I am a sucker for this kind of, in Jeopardy terms, potpourri. Priceonomics has a short piece on why UPS trucks do not make left turns. The most telling part:
UPS engineers found that left-hand turns were a major drag on efficiency. Turning against traffic resulted in long waits in left-hand turn lanes that wasted time and fuel, and it also led to a disproportionate number of accidents.
UPS even has a page describing the practice of no left turns and they expand on the above idea.
What we found: A significant cause of idling time resulted from drivers making left turns, essentially going against the flow of traffic. From there we explored routes where these turns were cut out entirely, and then compared data.

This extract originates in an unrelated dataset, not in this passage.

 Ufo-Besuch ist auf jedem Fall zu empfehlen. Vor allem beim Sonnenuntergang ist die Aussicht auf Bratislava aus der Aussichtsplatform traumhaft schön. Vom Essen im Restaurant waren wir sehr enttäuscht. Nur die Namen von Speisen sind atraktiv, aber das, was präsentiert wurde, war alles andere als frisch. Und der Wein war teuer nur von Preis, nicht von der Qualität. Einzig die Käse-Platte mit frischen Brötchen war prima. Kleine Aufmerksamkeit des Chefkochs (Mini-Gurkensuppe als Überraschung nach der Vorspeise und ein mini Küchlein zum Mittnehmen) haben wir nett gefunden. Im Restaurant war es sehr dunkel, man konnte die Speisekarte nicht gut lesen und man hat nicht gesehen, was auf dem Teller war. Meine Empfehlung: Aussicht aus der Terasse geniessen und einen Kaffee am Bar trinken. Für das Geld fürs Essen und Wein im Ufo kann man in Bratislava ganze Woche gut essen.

The use of data to make a decision that goes against logic is what I love. UPS leadership was experimental enough to say “we are going to implement this and see if it works” and then study the results from that test. There are a number of very large companies that I have worked with that would immediately balk at this idea. They almost go through stages of grief (sans depression) with ideas like this.

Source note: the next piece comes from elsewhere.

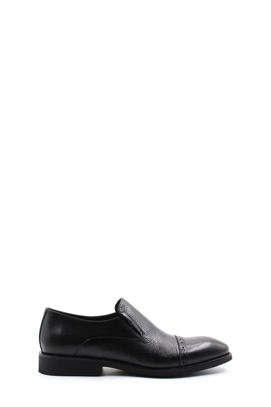 Black Textured Leather Loafers Wessi

- Denial – the companies claim the data is wrong or that it is flawed
- Anger – the workers who are responsible for causing the data become upset that someone found out about their poor work habits
- Bargaining – to get out of making a change, people start tossing out different ideas, none of them good
- Acceptance – “I guess we’ll just have to do it”
Then there are the companies who do the complete opposite. They implement a terrible idea based on bad data, or their understanding and interpretation of good data, and it blows up in their face. Once that happens, they become very adverse to ever trying a new idea again. We need new ideas backed by data and I think it’s awesome that UPS took their data and made some interesting choices that have paid off.